--- Task to complete ---
In the data below, begin at the line with "党委常委、学校办公室主任王德" and stop after the line with "近鉄50000系「しまかぜ」"; output those lines exactly and no pictures.

╭──

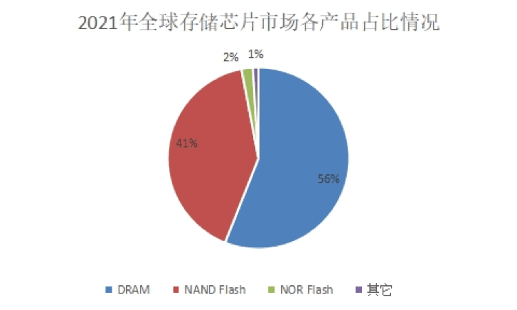 不过,在全球存储芯片市场中,NOR Flash占比较小。全球主流存储芯片主要有存储芯片DRAM、和闪存芯片NAND Flash和NOR Flash三种类型。根据IC Insights数据,2021年,全球NOR Flash芯片市场规模仅占全球存储芯片产值的2%,而DRAM和NAND Flash产值占比能达到56%和41%。
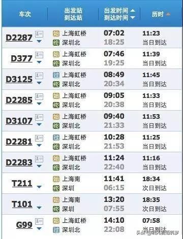 1 上海到深圳一共才10趟车次
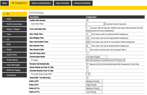 • Remote Controlled Audio Direction: If enabled, received DTMF * will make station listen (microphone off, speaker on), received DTMF # to talk (microphone on, speaker off), DTMF 0 for swich back to open duplex.
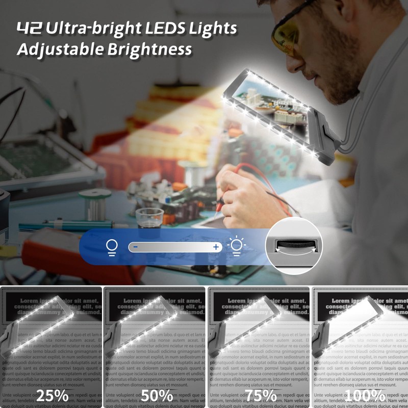 - 【42 Super Bright Energy LEDs】 This magnifier with light is great for reading, provides a bright and uniform lighting area, relieves eye fatigue with built-in 42 super bright LEDs, and is more energy efficient than traditional illuminated magnifiers. 3AAA Battery is not included.
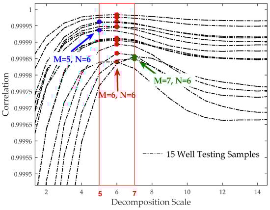 Figure 7 shows the distribution of the best decomposition scale when N = 6 and 15 oil well-testing samples obtaining the maximum correlation. When the decomposition scale was from 5 to 7, the correlation value was the highest, showing that the reconstruction coefficients obtained under these decomposition scales have a good ability to restore data.
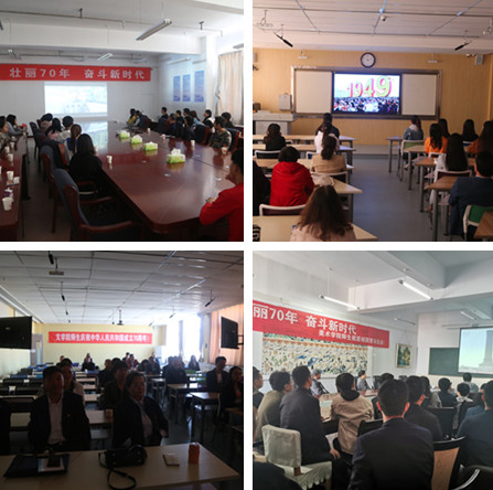 党委常委、学校办公室主任王德谈到,70年沧桑巨变,祖国山河日新月异、翻天覆地,得益于我们党怀着“为中国人民谋幸福、为中华民族谋复兴”的初心使命,以人民对美好生活的向往作为奋斗目标,一代代共产党人和全国人民接续奋斗,使伟大祖国从站起来、富起来到强起来,巍然屹立于世界的东方。乘风破浪正当时,建功立业新时代。作为一名高校管理者,一定不忘为党育人、为国育才的初心,一定不忘立德树人、培根铸魂的神圣使命,胸怀祖国,心系师生,学习理论武装头脑,立足岗位尽己所能,增强“四个意识”、坚定“四个自信”、做到“两个维护”,以主人翁的主动作为,自觉融入社会变革进步的时代洪流,自觉融入学校改革发展的教育实践,无愧于师生,无愧于时代!
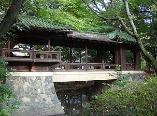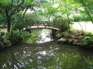 ![]() 庭園は、池を中心とした回遊式の庭園で、修学院離宮の千歳橋を模したといわれる白雲橋 |
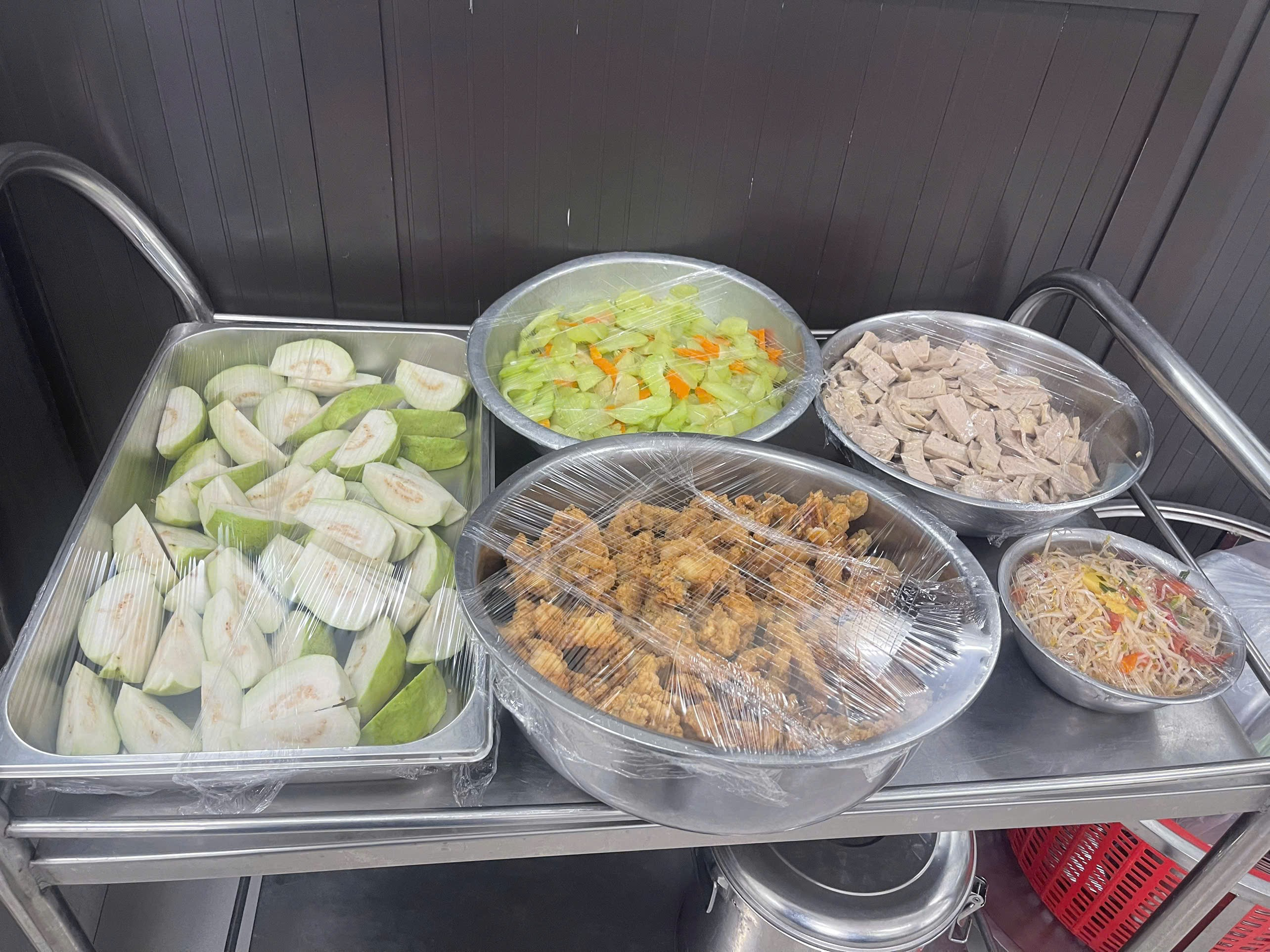 Bảo quản thức ăn trước khi chia vào các xuất ăn
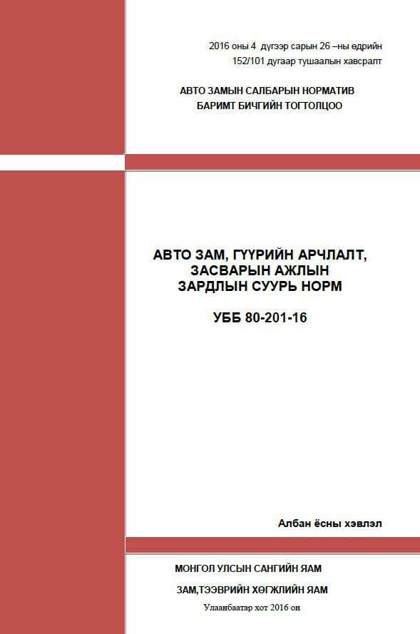 | Хүчин төгөлдөр болгосон эрх зүйн акт | 2016 оны 4 дүгээр сарын 26 –ны өдрийн 152/101 дугаар тушаал |
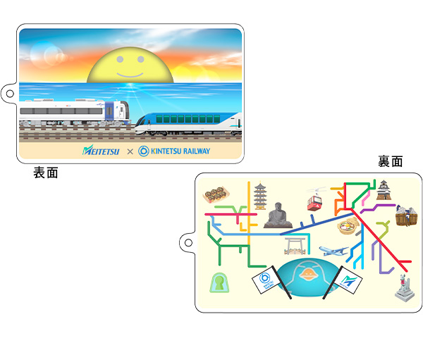 近鉄50000系「しまかぜ」、名鉄2000系「ミュースカイ」および両社の路線図をデザイン。
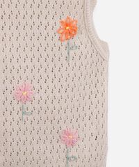 Esta regata infantil é a escolha perfeita para compor looks cheios de charme e delicadeza. Confeccionada em tricô macio, a peça oferece um toque suave e confortável para a pele da criança, ideal para os passeios em família. Com um design atemporal, esta blusa infantil combina a leveza do tricô com o encanto dos bordados florais, garantindo um visual adorável e versátil para diversas ocasiões.
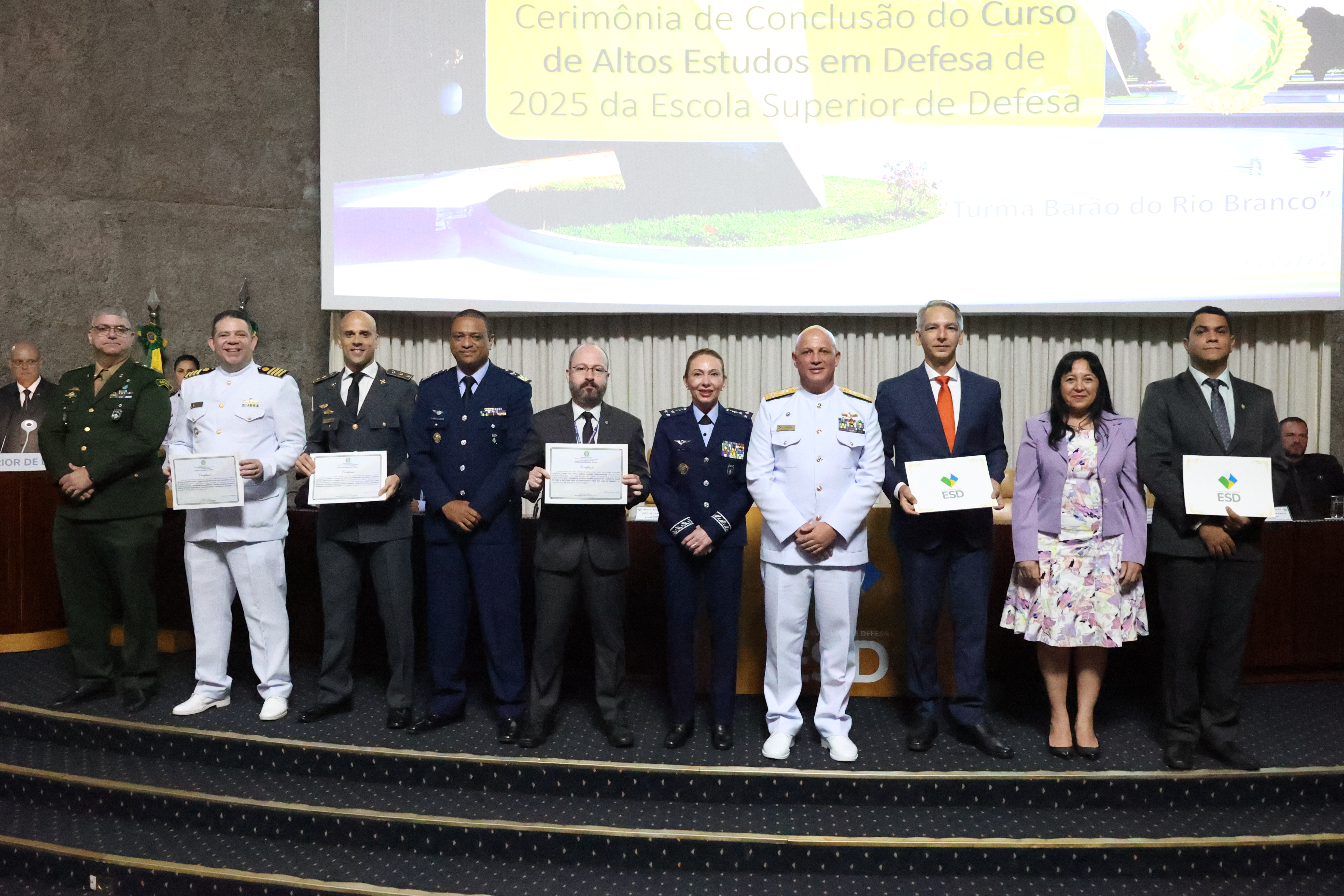 A turma de 2025 recebeu o nome “Barão do Rio Branco”, em homenagem aos 180 anos de nascimento do patrono da diplomacia brasileira. Ao todo, 99 alunos concluíram o curso, representando 24 instituições civis e militares. Entre eles, estavam 56 militares das Forças Armadas, integrantes das forças de segurança estaduais, servidores de diversos órgãos do governo federal e dois oficiais estrangeiros — das Marinhas da França e da Índia. O grupo contou ainda com 15 alunas, sendo 10 civis.

╰──

--- Completed task ---
 党委常委、学校办公室主任王德谈到,70年沧桑巨变,祖国山河日新月异、翻天覆地,得益于我们党怀着“为中国人民谋幸福、为中华民族谋复兴”的初心使命,以人民对美好生活的向往作为奋斗目标,一代代共产党人和全国人民接续奋斗,使伟大祖国从站起来、富起来到强起来,巍然屹立于世界的东方。乘风破浪正当时,建功立业新时代。作为一名高校管理者,一定不忘为党育人、为国育才的初心,一定不忘立德树人、培根铸魂的神圣使命,胸怀祖国,心系师生,学习理论武装头脑,立足岗位尽己所能,增强“四个意识”、坚定“四个自信”、做到“两个维护”,以主人翁的主动作为,自觉融入社会变革进步的时代洪流,自觉融入学校改革发展的教育实践,无愧于师生,无愧于时代!
 ![]() 庭園は、池を中心とした回遊式の庭園で、修学院離宮の千歳橋を模したといわれる白雲橋 |
 Bảo quản thức ăn trước khi chia vào các xuất ăn
 | Хүчин төгөлдөр болгосон эрх зүйн акт | 2016 оны 4 дүгээр сарын 26 –ны өдрийн 152/101 дугаар тушаал |
 近鉄50000系「しまかぜ」、名鉄2000系「ミュースカイ」および両社の路線図をデザイン。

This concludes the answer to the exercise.